No history of Petone would be complete without a brief record of this famous old Corps. Formed originally as a Submarine Mining Corps, and closely identified with cutter sailing and boating, it was later converted into a Garrison Artillery Company (No. 2 and later No. 5 Coy. N.Z.G.A.), but it still retained its naval uniforms and cutters, also a boat station on the Petone foreshore.
The Petone Navals were in the old days largely recruited from the Rugby football and athletic elite of the district, and these men and their devoted officers and N.C.O.s threw the same energy into their gun drill as into their games, with the result that for years, they qualified as the best heavy gun shooting battery in New Zealand, and were holders of the shield for the best shooting and best trained Garrison Artillery Company.
Originally, the company was a Petone contingent of the Wellington Navals, enrolled about the year 1880.
In 1883, it was decided to form a separate corps to be styled "The Petone Navals Artillery," and its first officers being Capt. H. S. Fitzherbert, Lieut. D. Buick, and Lieut. Jackson. The first meeting in connection with the formation was held at the "Marine Retreat," now known as the "Grand National Hotel." In June, 1883, the company built its own drill-shed, the opening being celebrated by a ball.
The company first drilled as an infantry unit, and later on, an old 53 pounder on wooden mountings was installed on the Petone beach and used as a drill gun.
About 1886, submarine mining work was commenced, the first submarine mining camp being held on Somes Island in 1887.
During 1887, the Kaiwarra Rifles were absorbed and detailed to man the old Kaiwarra battery.
The Petone Navals put up some outstanding performances in the course of their training at Ngahauranga, including in 1907, a world's record shoot of 40 hits out of 40 rounds fired.

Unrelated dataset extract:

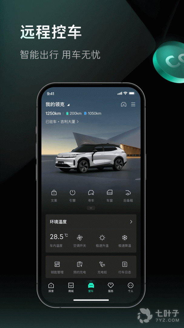 对于LynkCo系列车型,车主可以查看您的里程数,电池电量状态,以及附近的充电站信息

In the late nineties and early 1900s, the company manned the three inner forts, Ngahauranga (Fort Kelburn, 2.6 inch E.O.C. guns on H.P. mountings), Kaiwarra Fort (2.64 lb.), and the Gardens Battery, now the observatory, a 7 inch M.L. Gun. The present Kelburn Scout house was originally the P.N.A.V. barracks for the Gardens Battery detachment.

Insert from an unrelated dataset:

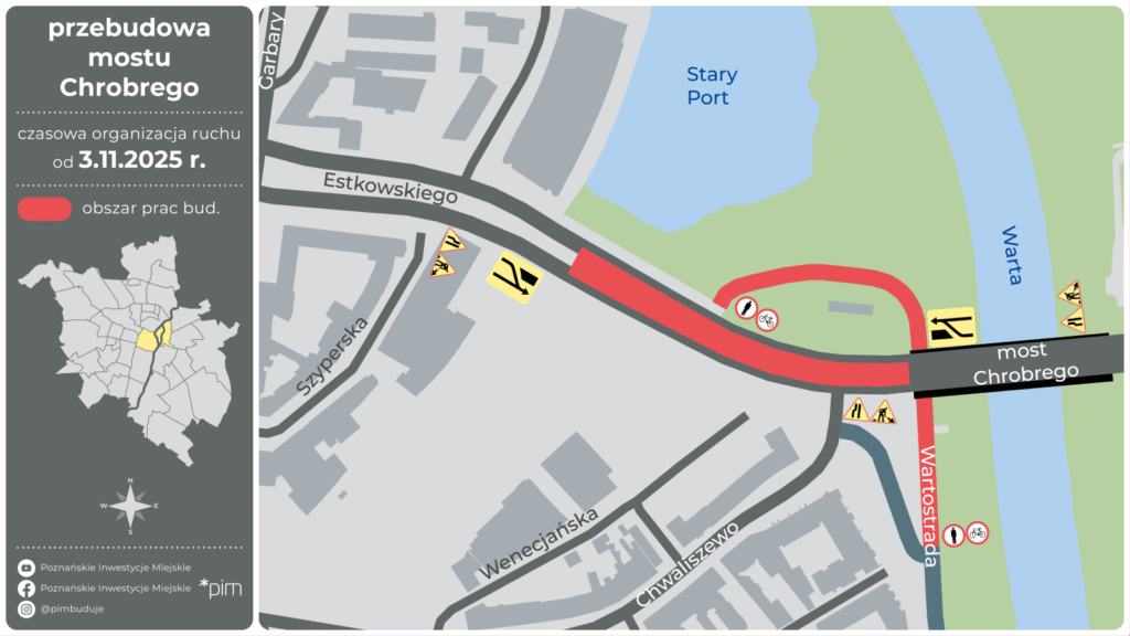 Od poniedziałku, 3 listopada, kierowców i pasażerów komunikacji miejskiej w Poznaniu czekają kolejne zmiany związane z przebudową mostu Bolesława Chrobrego. Spółka Poznańskie Inwestycje Miejskie zapowiada wprowadzenie nowej organizacji ruchu po zachodniej stronie przeprawy, na ul. Estkowskiego, gdzie rozpoczną się prace nad budową tzw. przewiązek.

The Kaiwarra and Gardens Batteries became obsolete, and the Company devoted its energies to Ngahauranga, where its annual camp was held, and where its shooting records were established.
The corps also owned a fine drill-shed in Nelson Street, Petone, and indulged in infantry drill once a month. On these evenings, it was a common sight to see the company drilling and manoeuvring along the Hutt Road and in Cuba Street, but later on, the advent of motor cars rendered this too dangerous. The "Fetories" were also famed for their rifle-shooting and put up some good performances at Trentham.
From the rapidity and success with which they launched their cutters to save people in distress on the Harbour, they were sometimes alluded to as the "Floating Ambulance." Certainly many a man owed his skill with boats in later life to the early training with the P.N.A.V., and this boating side of their activities was a great help to recruiting.
The two naval cutters brought the company equal fame with the six- inch guns. One of the first wins was the cup presented by Capt. Johnston (of the Wellington Navals) for competition between the two companies. A crew also beat the famous champion crew of H.M.S. "Espiegle," which had carried all before it in Australian waters. In 1886, a crew was sent to Auckland to compete in the £100 whaleboat event.
Other notable wins were the White Horse" and "Mothes" cups.
In 1911, on the introduction of universal service, the company donned khaki and was the first corps in New Zealand to receive and train its quota of compulsory recruits (66).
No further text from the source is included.